É justamente o discernimento que nos faz humanos e, com base nele, relacionamo-nos. A ética surge daí, de um conjunto de princípios em que o indivíduo se baseia para decidir sobre sua própria conduta e, assim, bem conviver com seus pares. As leis, códigos e preceitos apenas mostram o caminho de uma ética comum adotada por um povo ou um determinado grupo de pessoas, não sendo, porém, imanentes à ética. Isto significa que é o indivíduo quem deve moldar sua ética para que possa pertencer a uma determinada coletividade. Como exemplo disso, pode-se citar, talvez, a ética dos criminosos nos presídios.
Portanto, parodiando um conhecido adágio — mas mudando a parte do corpo humano para não ser deselegante —, "ética é como cabeça, todo mundo tem uma". A dificuldade está em fazer convergir várias éticas para uma ética comum, visto que esse movimento só pode partir do indivíduo e de ninguém mais.
Ao contrário de uma "lei" física que impõe uma impossibilidade — como a de dois corpos não poderem coexistir no mesmo lugar do espaço —, as leis humanas servem apenas para "orientar" as pessoas na busca por sua própria ética, alinhando-a à ética vigente na sociedade. Segundo as leis brasileiras, por exemplo, o roubo é punido com alguns anos de cadeia, mas, a depender das condições, da interpretação do magistrado e até da ausência do ladrão, pode ser que nada aconteça. Somente o indivíduo possui o verdadeiro poder sobre suas próprias ações, o resto é contingência.

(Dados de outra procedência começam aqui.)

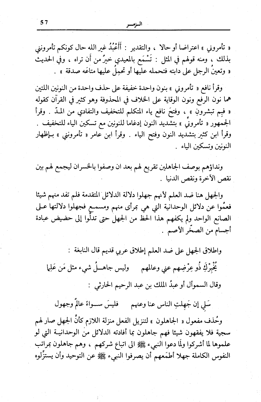 . وَقَرَأَ نَافِعٌ تَأْمُرُونِّي بِنُونٍ وَاحِدَةٍ خَفِيفَةٍ عَلَى حَذْفِ وَاحِدَةٍ مِنَ النُّونَيْنِ اللَّتَيْنِ هَمَّا نُونُ الرَّفْعِ وَنُونُ الْوِقَايَةِ عَلَى الْخِلَافِ فِي الْمَحْذُوفَةِ وَهُوَ كَثِيرٌ فِي الْقُرْآنِ كَقَوْلِهِ: فَبِمَ تُبَشِّرُونَ [الْحجر: 54] ، وَفَتَحَ نَافِعٌ يَاءَ الْمُتَكَلِّمِ لِلتَّخْفِيفِ وَالتَّفَادِي مِنَ الْمَدِّ. وَقَرَأَ الْجُمْهُورُ تَأْمُرُونِّي بِتَشْدِيدِ النُّونِ إِدْغَامًا لِلنُّونَيْنِ مَعَ تَسْكِينِ الْيَاءِ لِلتَّخْفِيفِ. وَقَرَأَ ابْنُ كَثِيرٍ بِتَشْدِيدِ النُّونِ وَفَتْحِ الْيَاءِ. وَقَرَأَ ابْنُ عَامِرٍ تَأْمُرُونَنِي بِإِظْهَارِ النُّونَيْنِ وَتَسْكِينِ الْيَاءِ.
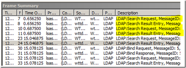 The first set of traffic that we see is a couple of LDAP Search Requests and Search Responses. You can see this in the Description field of the Frame Summary:

Sendo assim, talvez a conduta ética comum devesse ser incluída como disciplina obrigatória já na pré-escola, para que o indivíduo tivesse claro, o quanto antes, que, ao longo de toda sua vida, a privação de alguns desejos seus será necessária para o bem de si e de seus semelhantes. Kant já explicitava essa idéia quando escrevia que as pessoas deveriam sempre avaliar se uma dada ação poderia, ou não, ser convertida em universal, ou seja, se todos os outros também poderiam agir da mesma forma. A negativa ao questionamento era sinal de que a ação fugiria a uma ética comum aos seres humanos. Analogamente, Mário Sérgio Cortella, um filósofo brasileiro, sugere, também, perguntar-se, antes de agir, se quer, pode e deve, não levando a cabo a ação se qualquer das respostas for negativa. Além disso, alerta que não possuir dilemas éticos é um indício de que algo vai mal.
Depreende-se de tudo isso que é, principalmente, com respeito e os bons exemplos de cada um que a ética nacional deverá mudar, acabando com ladrões de prova, guardadores de dinheiro em roupas íntimas, fraudadores de imposto de renda e estacionários jovens das vagas para idosos. A solução reside no íntimo individual de cada cidadão, ou cidadã, e não nas leis, na indignação inerte ou no "apontar de dedos". Porque, adaptando o que diz Calligaris em seu texto na proposta de redação, indignar-se só com os outros e com o mundo, "serve apenas para 'confirmar' a 'integridade' de quem se indigna", mas não contribui com a ética de seu povo.